Not the sexiest of all automotive parts, the Pitman Arm, named after railroad engineer George Pitman, is tasked with steering your car. The Pitman takes the circular motion generated by the sector shaft and converts it so that it can be used to turn the wheels. The Pitman arm, supported by the sector arm, is attached directly to the steering gearbox.

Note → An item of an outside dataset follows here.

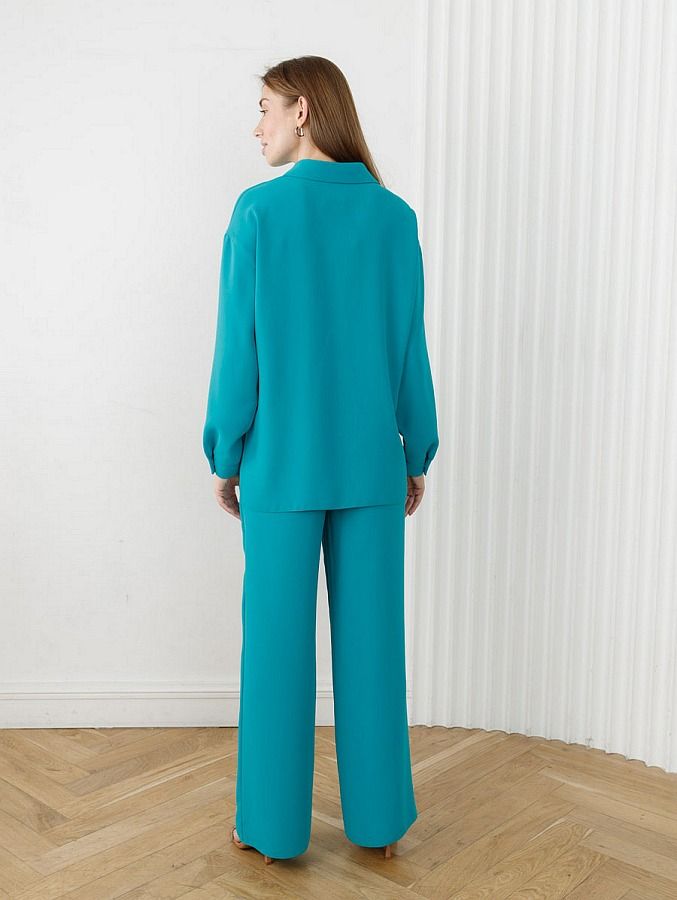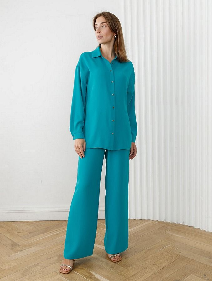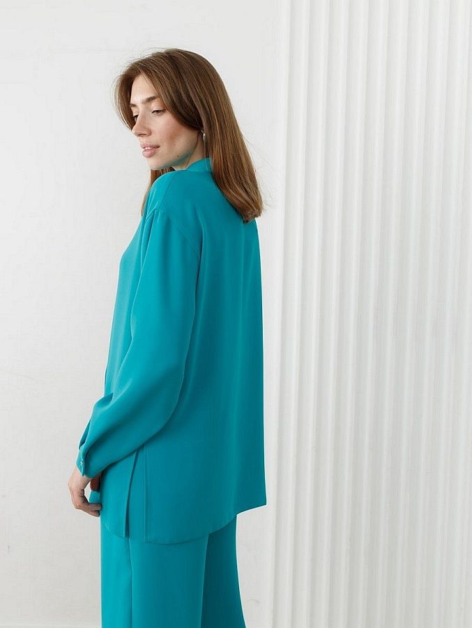 Рубашка из мягкого пластичного крепа. Свободный прямой силуэт. Рубашечный воротник на стойке. Спущенное плечо. По низу рукавов манжеты. Застёжка по центру на пуговицы. Разрезы по бокам. Составляет комплект с брюками 2.5.2-69.1.

The Pitman Arm needs regular maintenance. If it receives that maintenance, it will easily last the life of your car. However, if you fail to give it regular maintenance, you will find that between 30,000 and 50,000 miles, your car's steering will falter. To prevent this, vehicle owners should have their Pitman Arm inspected regularly. A six-month inspection of the steering gear is more than adequate for most driving. However, if you drive in rough, rocky, off-road or other harsh conditions, the Pitman Arm will deteriorate quickly. It is wise to have it inspected, and replaced, if need be, on a three-month basis if this is the case. This may seem drastic, but remember that if your car's front wheels are taking a pounding, the Pitman Arm, as it sits on the steering gearbox, does too.
If you fail to follow the service recommendations in your owner's manual, you run the very real risk of losing steering control due to Pitman Arm failure. When the Pitman Arm fails, there is no longer a connection between the sector shaft and the wheels. When that direct connection is lost, you lose the ability to steer, which can result in dangerous consequences.